While not yet specified, only modest adjustments are expected in Japan, where more mobile U.S. forces (mostly naval, air, and marine) already have a regional response capability. In fact, most of the rumors associated with Japan troop realignment suggest mere shifting of forces from one location (Okinawa) to another (Japanese Self-Defense Force bases on the main islands) or headquarters’ swaps: there is talk of moving the Army’s I Corp Headquarters to Camp Zama from Washington State while the Fifth Air Force Headquarters at Yokota may be combined with the Thirteenth Air Force Headquarters in Guam.  All this remains extremely tentative, however. Negotiations – not only between Washington and Tokyo, but also within the Pentagon and between the administration and the Congress – are far from completed.

U.S. not “Marching Out of Asia.”  Alarmist headlines aside – the Far Eastern Economic Review headline read “Marching Out Of Asia” while its cover proclaimed “America Pulls Back its Troops”– it is the intrusive U.S. military footprint and not regional capability or commitment that is being reduced.  Nor is the GPR intended to be the “beginnings of the end of the [U.S.-ROK] alliance,” as a recent IISS Strategic Comments analytical article speculated.  The GPR’s overriding objective is to sustain, not devalue, existing alliances, in order to lay the groundwork for a sustained overseas military presence, albeit at reduced levels and with more flexible, rapid response forces.

While bases in Guam and Hawaii are likely to play an increasingly important role as the “hub” or “lily pad” strategy unfolds, so too will current bases in Asia.

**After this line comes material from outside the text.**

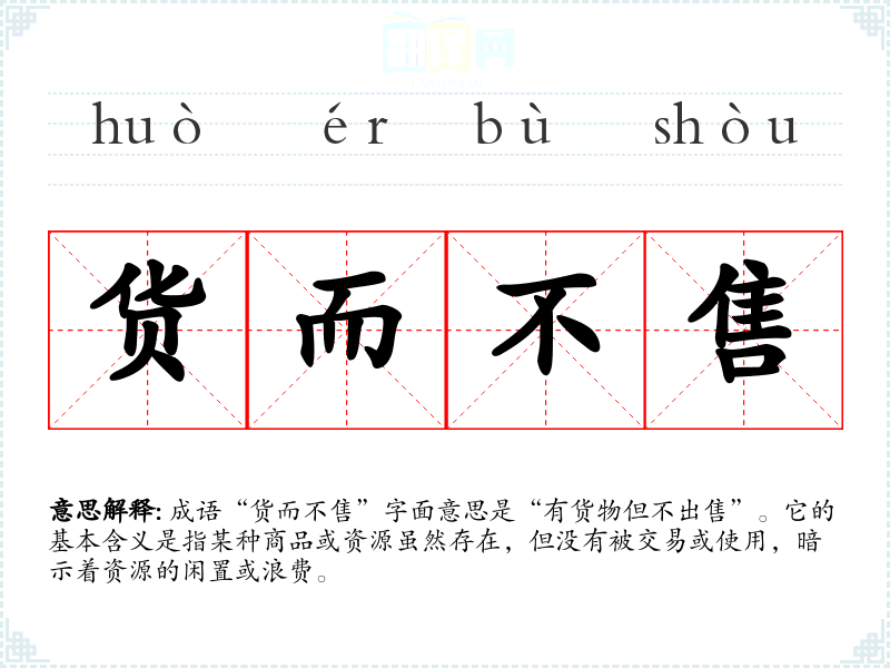 成语“货而不售”字面意思是“有货物但不出售”。它的基本含义是指某种商品或资源虽然存在,但没有被交易或使用,暗示着资源的闲置或浪费。

Okinawa is particularly important, for three reasons: location, location, location. While some efforts will no doubt be made to reduce the defensive burden of the Okinawan people – as noted, some modest relocations from Okinawa to existing Japan Self-Defense Force bases on mainland Japan are reportedly being considered and the move from Futenma Airbase to a less populated area on Okinawa has long been approved and (one hopes) will eventually occur – U.S. Japan-based forces (like those operating out of Singapore) are already better situated to support the new strategy than those located in Europe or the Korean Peninsula. This is why the changes in Korea will be aimed at creating a more flexible, less intrusive, more sustainable presence, and changes elsewhere in Asia will be “not very dramatic.”

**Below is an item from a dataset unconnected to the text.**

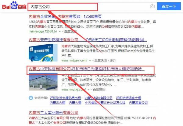 內蒙古中天科技有限公司和我公司簽訂百度快照排名項目

Summer Pulse: rumor control needed

In addition to planning for the future, the Pentagon seemed intent on testing (and displaying) the U.S. Navy’s ability to surge forces in response to a crisis in the here and now.  Over the course of several months (early June through late August), in an exercise codenamed “Summer Pulse ‘04,” the navy put a total of seven aircraft carrier groups out to sea in various locations throughout the globe, to test its new operational construct, the Fleet Response Plan (FRP). According to the navy, the FRP is about “new ways of operating, training, manning, and maintaining the Fleet that result in increased force readiness and the ability to provide significant combat power to the President in response to a national emergency or crisis.” The objective was to “validate the maritime power that the U.S. can bring to bear throughout the world in short order, and highlight the inherent flexibility of our naval forces to adapt to the changing security environment.”

Impressive as this readiness exercise was, it would likely not have made the pages of Comparative Connections had it not been for a spate of irresponsible journalism. The rumors began, as they all too frequently do, in the Taiwan press where the exercise was described as seven carrier battle groups operating simultaneously off the coast of China “to send Beijing a message.”  Other regional papers were quick to repeat the erroneous story. The icing on the cake was the (falsely) reported participation of Taiwan naval forces in the exercise, which (predictably) caused strong protests from Beijing.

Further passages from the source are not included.